In Veneto le esperienze di D&C Modelleria e Fonderie Zen, due cooperative costituite da lavoratori disoccupati che hanno rifiutato la cassa integrazione

| Scritto da Redazione
Padova:, autogestione e cogestione le due vie delle coop

Stamattina ha preso il via, su RadioArticolo1, la prima puntata di una serie di inchieste dedicate a chi non si è arreso alla disoccupazione, a quelle fabbriche che grazie all'impegno dei loro ex dipendenti hanno ripreso a vivere. È il caso di D&C Modelleria e Fonderie Zen, due cooperative in provincia di Padova, costituite da lavoratori che hanno rifiutato la cassa integrazione e scelto di fare impresa dando vita a forme di augestione e cogestione (ascolta il programma integrale).

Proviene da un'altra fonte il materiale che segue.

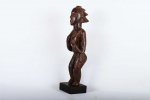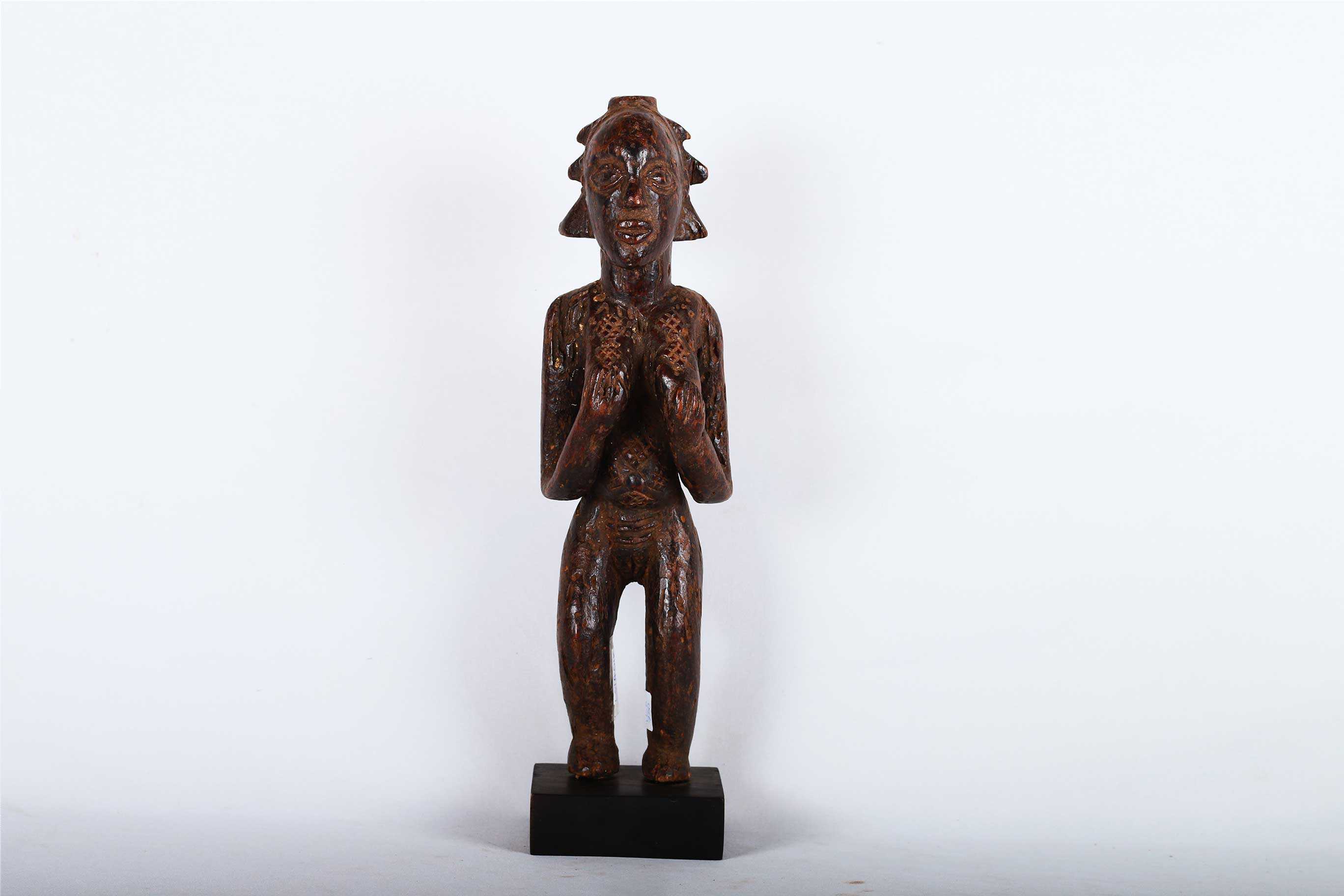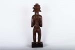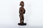 The Luba are found within South-eastern DRC (Zaire). The art of the Luba is known for the representation of women in Luba sculptures which is widespread and correlates to the important role of women in Luba society. The Luba tribe are best known for their chairs, divination bowls (mboko), beautifully carved bow stands, and memory boards (Lukasa). Among the characteristics of Luba sculpture are intricate hair-dress, often in the form of a cross, or falling down like a cascade; a grooved diagonal band separating the hairline from the forehead; eyes shaped like coffee-beans

In particolare, nel primo caso si parla di workers buy out, cioè l'acquisto di un'attività produttiva fallita da parte dei suoi lavoratori organizzati; nel secondo, invece, sono sorte due società, la prima, una badcom, una cooperativa di lavoratori, la seconda, una newcom, una società costituita da dirigenti dello stabilimento posto in amministrazione straordinaria dal tribunale civile locale. Entrambi i casi nascono da aziende storiche, che rappresentano una tradizione significativa nel territorio, ambedue entrate in crisi per una combinazione di malagestione e contrazione dell'attività imputabile alal congiuntura internazionale.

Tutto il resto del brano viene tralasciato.